Geometric Fabrics for the Acceleration-based Design of Robotic Motion
This work addresses the problem of designing stable and modular robotic behaviors for industry applications, representing a novel extension of existing methods rather than a completely new paradigm.
The paper tackles the design of reactive robotic motion by introducing geometric fabrics, a mathematical framework that generalizes Riemannian Motion Policies (RMPs) to provide provable stability guarantees and improve design consistency. The result is a system that enables intelligent global navigation behaviors without planning or state machines, demonstrated through practical industrial applications.
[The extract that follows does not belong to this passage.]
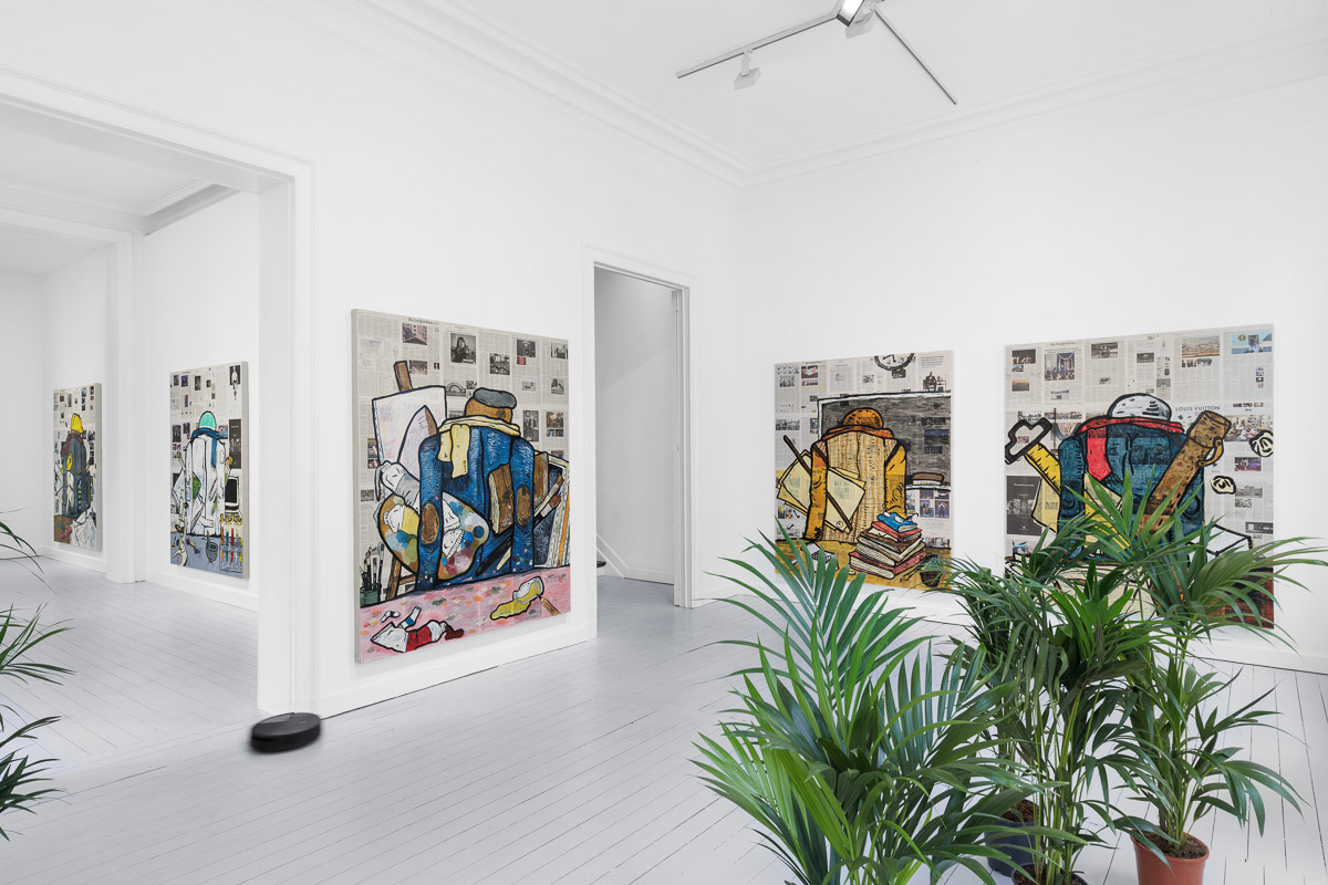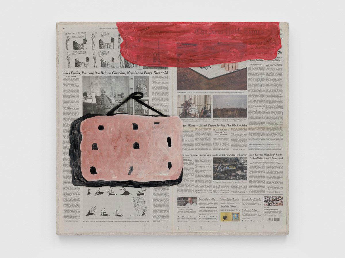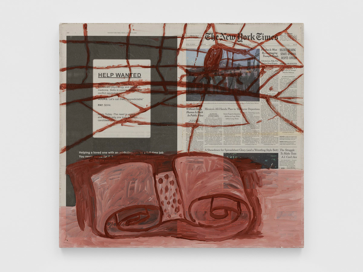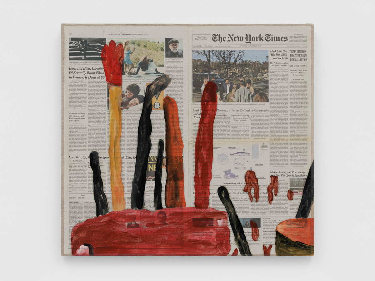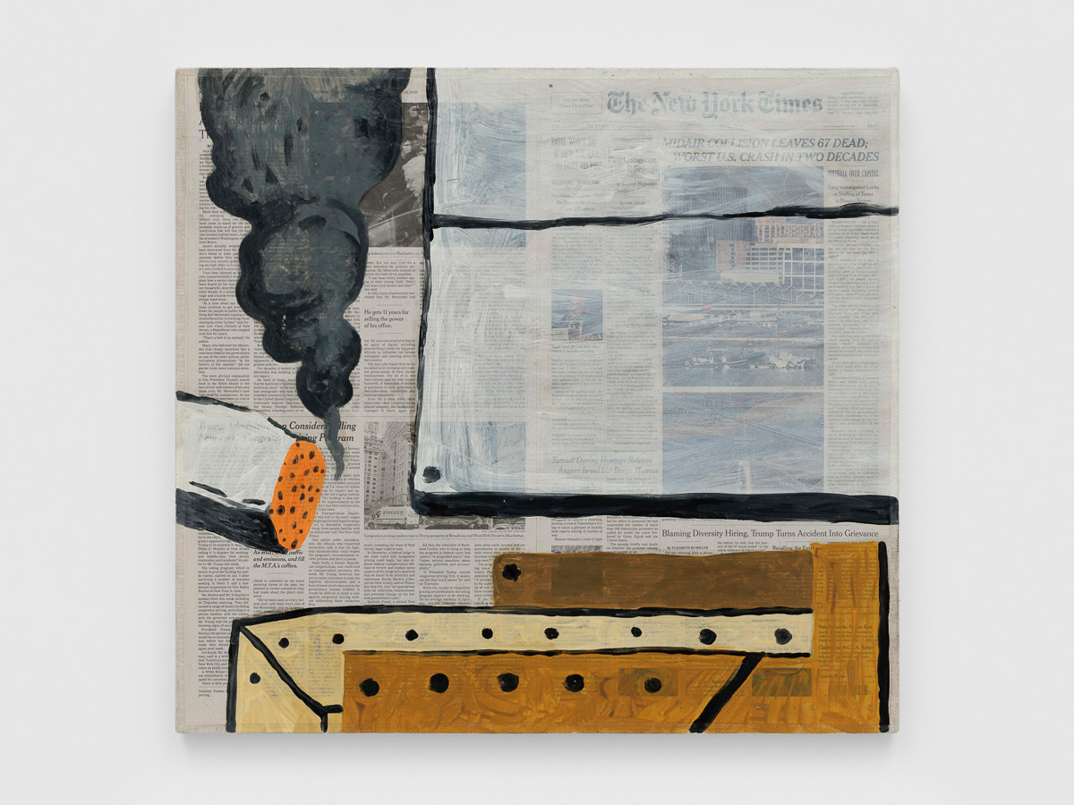 For his third solo exhibition at Gladstone Gallery, (the intellects take leave), Rirkrit Tiravanija presents seven new paintings on newspapers that reflect on global crises and American political upheaval. Inspired by the practice of the late Canadian-American artist Philip Guston, the new works build upon Tiravanija’s ongoing, multidisciplinary exploration of civil unrest and social issues.

This paper describes the pragmatic design and construction of geometric fabrics for shaping a robot's task-independent nominal behavior, capturing behavioral components such as obstacle avoidance, joint limit avoidance, redundancy resolution, global navigation heuristics, etc. Geometric fabrics constitute the most concrete incarnation of a new mathematical formulation for reactive behavior called optimization fabrics. Fabrics generalize recent work on Riemannian Motion Policies (RMPs); they add provable stability guarantees and improve design consistency while promoting the intuitive acceleration-based principles of modular design that make RMPs successful. We describe a suite of mathematical modeling tools that practitioners can employ in practice and demonstrate both how to mitigate system complexity by constructing behaviors layer-wise and how to employ these tools to design robust, strongly-generalizing, policies that solve practical problems one would expect to find in industry applications. Our system exhibits intelligent global navigation behaviors expressed entirely as provably stable fabrics with zero planning or state machine governance.